Assembly pseudo-code looks something like
Scalar code
1
2
3
4
5
6
7
8
LOAD r1.0 ← 0
i ← 0
loop:
LOAD r2.0 ← a[i]
ADD r1.0 ← r1.0 + r2.0
i ← i + 1
if i < N: loop
result ← r1.0
Vector code
1
2
3
4
5
6
7
8
LOAD [r1.0, ..., r1.7] ← 0
i ← 0
loop:
LOAD [r2.0, ..., r2.7] ← [a[i], ..., a[i+7]]
ADD r1 ← r1 + r2 ; SIMD ADD
i ← i + 8
if i < N: loop
result ← r1.0 + r1.1 + ... + r1.7
Looking at the uops.info table for the AMD Zen 2 architecture, we see that the instructions of the floating-point ADD family in the AVX ISA extension (the benchmark will be using the VADDSS and VADDPS instructions) have a latency of three cycles and a reciprocal throughput of 0.5, which means that the CPU can be executing two such operations every cycle.

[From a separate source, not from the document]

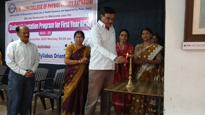 नवनिर्माण शिक्षण संस्था संचलित एस. एम. जोशी कॉलेज ऑफ फिजिओथेरपी रत्नागिरी या महाविद्यालयाचा आज स्टुडन्ट ओरिएंटेशन प्रोग्रॅम पार पडला. या कार्यक्रमाला प्रमुख पाहुणे म्हणून ते बोलत होते. यावेळी व्यासपीठावर शिक्षण संस्थेचे चेअरमन अभिजीत अभिजीत हेगशेट्ये, संचालिका सौ. सीमा हेगशेट्ये, फिजिओथेरपी महाविद्यालयाच्या संचालिका ऋतुजा हेगशेट्ये, प्राचार्य डॉ. मुकेश बाबू, डॉ. अनघा शेळके-शिंदे, डॅा. आर्या कुंटे शिक्षण संस्थेचे मुख्य कार्यकारी अधिकारी मंदार गीते उपस्थित होते.
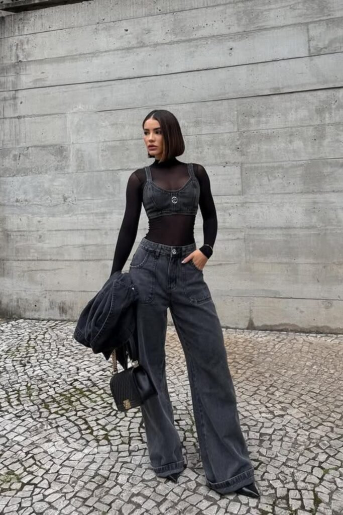 The sheer black mesh top under the cropped denim bustier provides texture and contrast, while the loose black trousers keep things casual.

If the sums use a pipeline so that once the pipeline is full one operation is retired every cycle, then we should expect the scalar code to run at one eighth of the ADD peak.
The goal of this exercise is to check that this is indeed the case.
In addition, we will start to gain familiarity with some of the likwid tools that we will be using throughout the course.
Setup: logging in to Hamilton
Likwid is installed on Hamilton 8. Remember that you can log in to the machine with
1
ssh <username>@hamilton8.dur.ac.uk
where
See the ssh tips & tricks for advice on simplifying this process. You will be doing this a lot, so it is worth setting up well.
Using the batch system
Hamilton is a typical supercomputing cluster: the login (or “frontend”) node is shared between all users, and you use a batch system to request resources and execute your code on the compute nodes.
Do not use the login nodes to benchmark code—this is bad for you and for anybody else using the system:
- if you overload a login node, it will freeze for everyone else using the supercomputer; and
- as you are not using the machine exclusively, any results you get are potentially highly inaccurate (depending on what else is running at the time).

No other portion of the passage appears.